Malgré les solutions techniques existantes - les filtres Google, les logiciels de contrôle parental ou encore les bloqueurs de publicités malveillantes -, Emmanuel Macron souhaite mener une guerre farouche contre la pornographie sur internet accessible aux enfants. "Nous devons repenser le cadre de notre régulation des contenus, en particulier les contenus audiovisuels (...) et étendre les pouvoirs de régulation du Conseil supérieur de l'audiovisuel", a déclaré le président français le 25 novembre. Il a également annoncé pour 2018 des "modifications législatives" pour"poursuivre ceux qui agissent sur Internet pour harceler".
Dorcel applaudit
Cet engagement politique marque une nouvelle étape dans ce vieux débat touchant aux dérives de la pornographie en libre accès "qui fait de la sexualité un théâtre d’humiliation et de violences faites à des femmes qui passent pour consentantes", et aux conséquences néfastes sur les "jeunes esprits". Si ses prédécesseurs avaient timidement alerté l'opinion publique sur les dangers du web, Emmanuel Macron est le premier à formuler des mesures qui, si elles méritent d'être encore approfondies, pointent du doigt l'ampleur du phénomène.
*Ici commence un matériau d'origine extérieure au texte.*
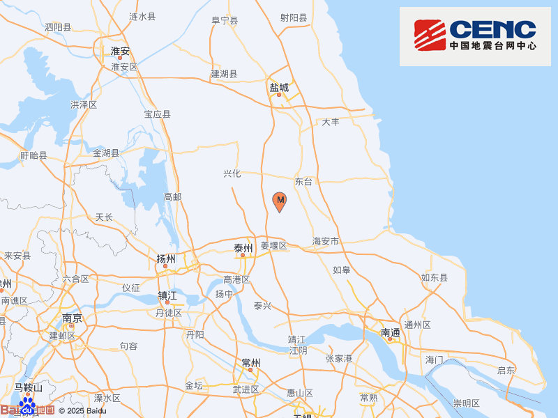 江苏泰州市兴化市发生3.0级地震,震源深度8千米

Dans ce combat, le président a reçu un soutien de poids en la personne de Grégory Dorcel, l'un des plus grands producteurs français de films X. Le fils du fondateur Marc Dorcel s'est félicité de "ses mesures pragmatiques et concrètes" contre "la pornographie sauvage". Selon lui, l'industrie traditionnelle du X s'est toujours engagée à protéger les mineurs d'images "déviantes" de sexe qui humilient et qui mettent même parfois en scène des mineurs.
Est-ce suffisant ?
Pour mettre fin à cette banalisation de la consommation pornographique, le chef de l'Etat va donc étendre les compétences du CSA à la régulation des contenus sur Internet et dans les jeux vidéo jugés trop violents. À quoi cela va-t-il vraiment servir ? Tout d'abord à lutter contre l'image de la femme véhiculée par certains films. Y-a-t-il un lien de causalité entre "porno sauvage"et "violences faites aux femmes" ? Si les psychologues et autres sociologues sont partagés sur cette question, force est de constater que, dans beaucoup de films X, les femmes se retrouvent souvent en position de soumission.
Ces mesures doivent également servir à mieux protéger les jeunes adolescents. Car le porno a des incidences sur la "vraie" vie et notamment pour les jeunes filles qui, confrontées de manière précoce à des films X, perdent confiance en elles en tentant de se conformer aux critères corporels du genre (épilation intégrale, opération des lèvres...). Les jeunes garçons rencontrent également parfois de réels complexes d'infériorité.
Néanmoins, pour l'association Ennocence - qui s’est fixée comme mission de protéger les enfants contre les risques d’exposition à la pornographie en ligne -, ces annonces ne suffisent paspour lutter efficacement contre les contenus illégaux. Selon elle, "les plateformes de streaming illégal de contenu non pornographique, qui est la première porte d'entrée des enfants à la pornographie, sont totalement oubliées du débat." L'association demande également "une réforme du droit" qui permette à la justice de fermer "les plateformes pornographiques et non pornographiques" sur lesquelles apparaissent des publicités X, qui exposent accidentellement les mineurs à des images qu’ils ne devraient pas voir.